During this period our visits were shorter and more deliberate with the majority of our time being spent in a neat little feature called the "Lazy River", a constantly flowing ribbon of water that is 3'-9" deep and winds around to complete a sort of track that is aprox. 1/16th of a mile per lap. This activity was perfect in that it was very low impact and to walk against the current providing a resistance that not only began to rebuild the muscle in my legs but to stretch out the overly tight Achilles that had ruptured months before this, in turn began to add flexibility back to my left ankle. Another benefit of this exercise is it's ability to effectively burn a few calories along the way. All things combined served to provide a very effective and enjoyable therapy.
The over-all results have been of a snowball type effect. One of the biggest and most noticeable areas of concern for me was with my weight. Something that the Disease had taken control of and, by the time of the surgery had brought me to a staggering 257 pounds, which for me, was about 50 lbs over what I had allowed myself to be prior to the onslaught of symptoms related to Cushings. But I am happy to report that as of two days ago I have successfully shed a full 30 lbs since the day of surgery and for as best as I can tell, it doesn't appear to be done just yet. The exciting bonus being that as I progress along and feel a little bit better, I am steadily becoming more mobile and active, which just further emphasizes the results. Of course, all of this makes me very excited indeed!
And last but not least, I would be missing the single most important aspect that has dramatically impacted the course of this entire compilation of events, from beginning to date and that is the unconditional, persevering, extraordinary support of so many absolutely incredible people and most specifically my girlfriend Nicole, who has been right there by my side in full sacrificial mode throughout this entire ordeal without complaint.

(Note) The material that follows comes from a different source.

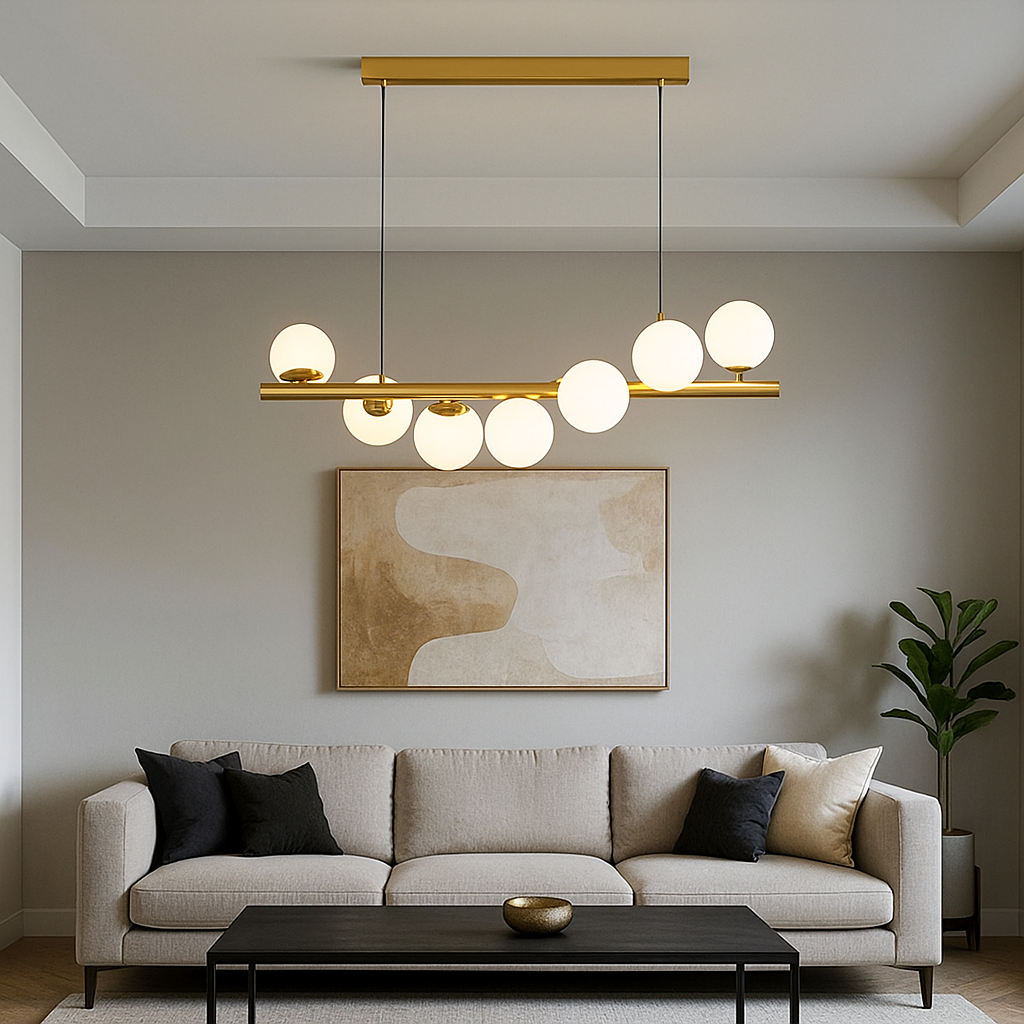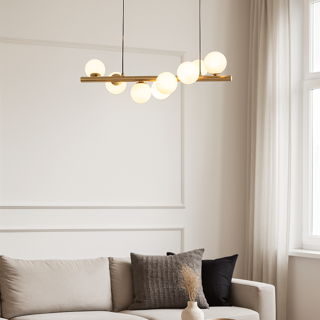 Il lampadario a sospensione 7 luci G9 è una soluzione luminosa elegante e moderna, perfetta per grandi spazi come salotti, sale da pranzo o ambienti professionali. La struttura in metallo e PE color bronzo conferisce un tocco raffinato e contemporaneo.

She has proven to be so positively influential, and an exceptional gift through and through.
Each and every one of my precious kids along with their special friends have also been treasures beyond expectation with each expressing their own individual capacities to love, serve and bare patience through difficult and trying circumstances!
Also, my Mother and her husband who traveled half the countryside to be here physically on-sight and offer their love and support during the surgery, but have just always, without fail, been available to lean on 24/7, around the clock.

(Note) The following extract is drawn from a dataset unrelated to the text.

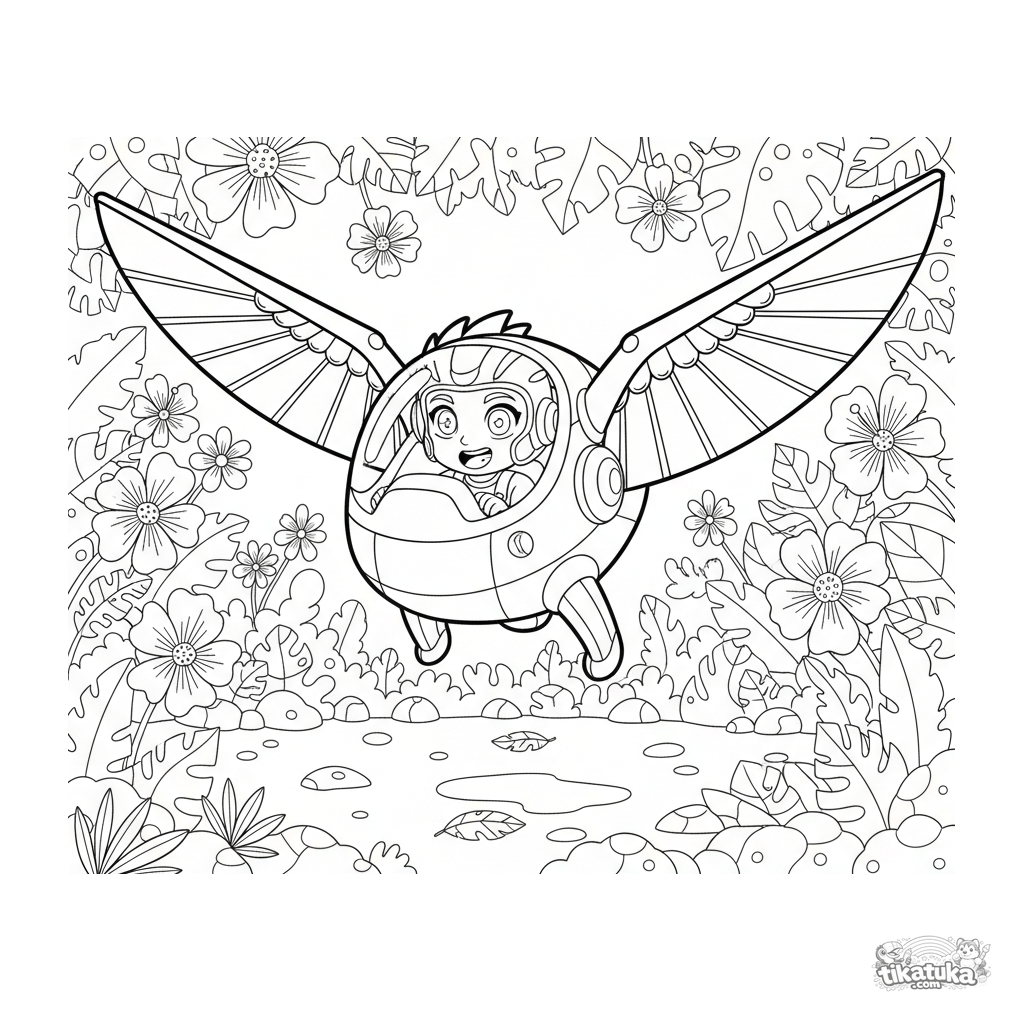 Página para colorir para pré-adolescentes de 7-9 anos: um ornitóptero futurista com asas batendo como pássaro paira em uma clareira na selva. Um piloto de capacete olha para flores exóticas.

And on and on the list goes with just so many great people all of whom have shown me in so many ways the power and blessing of relationship and community and the dramatic impact that this can have on a persons life and how fortunate I am to be among such a strong representation of this effect. I cannot say enough to be complete in my gratitude.
This is as much as I can share to this point as to the place that I have come since my previous post. And as I have said before, it is my hope that the information I share within these articles might help to inspire strength, courage, hope, perhaps some information for anyone who might be suffering from this crazy disease or perhaps someone who knows someone that is caught in the vicious grips of Cushings. I don't think that I have ever said it before now, but I would love to hear from anyone that might have a story or can relate or just anything that you feel urged to share here. I firmly believe that there is a greater potential for effectiveness and intelligence with the convergence of shared thoughts and experiences.